[Records from a collection]
☆ ☆ ☆ ☆ ☆
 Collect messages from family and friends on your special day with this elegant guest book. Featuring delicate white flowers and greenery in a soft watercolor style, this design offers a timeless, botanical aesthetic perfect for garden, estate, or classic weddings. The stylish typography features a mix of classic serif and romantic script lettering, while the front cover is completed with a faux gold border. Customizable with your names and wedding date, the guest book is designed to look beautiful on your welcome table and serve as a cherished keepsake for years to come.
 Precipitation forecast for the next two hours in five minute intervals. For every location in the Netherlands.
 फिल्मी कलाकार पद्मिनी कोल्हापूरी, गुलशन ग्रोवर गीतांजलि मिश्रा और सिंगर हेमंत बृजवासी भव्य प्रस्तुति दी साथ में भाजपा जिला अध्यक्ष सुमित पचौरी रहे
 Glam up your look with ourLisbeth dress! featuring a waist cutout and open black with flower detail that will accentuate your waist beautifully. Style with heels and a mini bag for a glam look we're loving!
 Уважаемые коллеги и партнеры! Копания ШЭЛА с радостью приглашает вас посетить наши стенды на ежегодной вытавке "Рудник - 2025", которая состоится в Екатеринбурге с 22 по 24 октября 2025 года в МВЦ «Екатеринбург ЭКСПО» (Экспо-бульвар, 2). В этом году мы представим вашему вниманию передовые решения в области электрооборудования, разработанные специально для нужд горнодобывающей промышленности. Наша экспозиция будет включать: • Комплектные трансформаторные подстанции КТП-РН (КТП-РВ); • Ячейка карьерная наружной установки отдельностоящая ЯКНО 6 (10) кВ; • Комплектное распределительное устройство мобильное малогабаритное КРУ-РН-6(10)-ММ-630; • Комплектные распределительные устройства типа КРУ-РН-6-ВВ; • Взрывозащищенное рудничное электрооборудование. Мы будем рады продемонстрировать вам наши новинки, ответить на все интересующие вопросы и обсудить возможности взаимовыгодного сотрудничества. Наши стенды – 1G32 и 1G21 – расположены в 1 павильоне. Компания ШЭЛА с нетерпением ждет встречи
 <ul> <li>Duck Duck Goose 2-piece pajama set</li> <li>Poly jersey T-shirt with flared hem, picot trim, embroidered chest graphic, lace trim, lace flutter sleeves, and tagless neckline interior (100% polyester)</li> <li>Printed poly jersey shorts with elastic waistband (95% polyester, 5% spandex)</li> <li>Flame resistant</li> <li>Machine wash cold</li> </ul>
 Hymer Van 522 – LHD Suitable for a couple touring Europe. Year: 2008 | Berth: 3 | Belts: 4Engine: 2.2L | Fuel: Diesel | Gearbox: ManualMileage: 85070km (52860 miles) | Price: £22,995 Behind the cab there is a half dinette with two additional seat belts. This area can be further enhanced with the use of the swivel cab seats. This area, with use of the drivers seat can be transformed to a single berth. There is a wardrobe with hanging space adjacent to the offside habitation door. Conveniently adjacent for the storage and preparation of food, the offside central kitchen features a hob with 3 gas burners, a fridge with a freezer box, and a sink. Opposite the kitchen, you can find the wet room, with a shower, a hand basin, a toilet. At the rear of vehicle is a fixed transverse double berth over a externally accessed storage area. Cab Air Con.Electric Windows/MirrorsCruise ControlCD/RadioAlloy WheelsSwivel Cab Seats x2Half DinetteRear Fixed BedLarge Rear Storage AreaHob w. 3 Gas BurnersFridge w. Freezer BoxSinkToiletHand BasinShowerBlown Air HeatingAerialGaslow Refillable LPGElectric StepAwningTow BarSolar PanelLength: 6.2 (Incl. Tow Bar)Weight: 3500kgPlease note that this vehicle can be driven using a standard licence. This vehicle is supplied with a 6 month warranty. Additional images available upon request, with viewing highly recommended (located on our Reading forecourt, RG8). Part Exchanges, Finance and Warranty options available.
☆ ☆ ☆ ☆ ☆
Exercise details -> Output all of the data exactly.

The completed task ->
 Collect messages from family and friends on your special day with this elegant guest book. Featuring delicate white flowers and greenery in a soft watercolor style, this design offers a timeless, botanical aesthetic perfect for garden, estate, or classic weddings. The stylish typography features a mix of classic serif and romantic script lettering, while the front cover is completed with a faux gold border. Customizable with your names and wedding date, the guest book is designed to look beautiful on your welcome table and serve as a cherished keepsake for years to come.
 Precipitation forecast for the next two hours in five minute intervals. For every location in the Netherlands.
 फिल्मी कलाकार पद्मिनी कोल्हापूरी, गुलशन ग्रोवर गीतांजलि मिश्रा और सिंगर हेमंत बृजवासी भव्य प्रस्तुति दी साथ में भाजपा जिला अध्यक्ष सुमित पचौरी रहे
 Glam up your look with ourLisbeth dress! featuring a waist cutout and open black with flower detail that will accentuate your waist beautifully. Style with heels and a mini bag for a glam look we're loving!
 Уважаемые коллеги и партнеры! Копания ШЭЛА с радостью приглашает вас посетить наши стенды на ежегодной вытавке "Рудник - 2025", которая состоится в Екатеринбурге с 22 по 24 октября 2025 года в МВЦ «Екатеринбург ЭКСПО» (Экспо-бульвар, 2). В этом году мы представим вашему вниманию передовые решения в области электрооборудования, разработанные специально для нужд горнодобывающей промышленности. Наша экспозиция будет включать: • Комплектные трансформаторные подстанции КТП-РН (КТП-РВ); • Ячейка карьерная наружной установки отдельностоящая ЯКНО 6 (10) кВ; • Комплектное распределительное устройство мобильное малогабаритное КРУ-РН-6(10)-ММ-630; • Комплектные распределительные устройства типа КРУ-РН-6-ВВ; • Взрывозащищенное рудничное электрооборудование. Мы будем рады продемонстрировать вам наши новинки, ответить на все интересующие вопросы и обсудить возможности взаимовыгодного сотрудничества. Наши стенды – 1G32 и 1G21 – расположены в 1 павильоне. Компания ШЭЛА с нетерпением ждет встречи
 <ul> <li>Duck Duck Goose 2-piece pajama set</li> <li>Poly jersey T-shirt with flared hem, picot trim, embroidered chest graphic, lace trim, lace flutter sleeves, and tagless neckline interior (100% polyester)</li> <li>Printed poly jersey shorts with elastic waistband (95% polyester, 5% spandex)</li> <li>Flame resistant</li> <li>Machine wash cold</li> </ul>
 Hymer Van 522 – LHD Suitable for a couple touring Europe. Year: 2008 | Berth: 3 | Belts: 4Engine: 2.2L | Fuel: Diesel | Gearbox: ManualMileage: 85070km (52860 miles) | Price: £22,995 Behind the cab there is a half dinette with two additional seat belts. This area can be further enhanced with the use of the swivel cab seats. This area, with use of the drivers seat can be transformed to a single berth. There is a wardrobe with hanging space adjacent to the offside habitation door. Conveniently adjacent for the storage and preparation of food, the offside central kitchen features a hob with 3 gas burners, a fridge with a freezer box, and a sink. Opposite the kitchen, you can find the wet room, with a shower, a hand basin, a toilet. At the rear of vehicle is a fixed transverse double berth over a externally accessed storage area. Cab Air Con.Electric Windows/MirrorsCruise ControlCD/RadioAlloy WheelsSwivel Cab Seats x2Half DinetteRear Fixed BedLarge Rear Storage AreaHob w. 3 Gas BurnersFridge w. Freezer BoxSinkToiletHand BasinShowerBlown Air HeatingAerialGaslow Refillable LPGElectric StepAwningTow BarSolar PanelLength: 6.2 (Incl. Tow Bar)Weight: 3500kgPlease note that this vehicle can be driven using a standard licence. This vehicle is supplied with a 6 month warranty. Additional images available upon request, with viewing highly recommended (located on our Reading forecourt, RG8). Part Exchanges, Finance and Warranty options available.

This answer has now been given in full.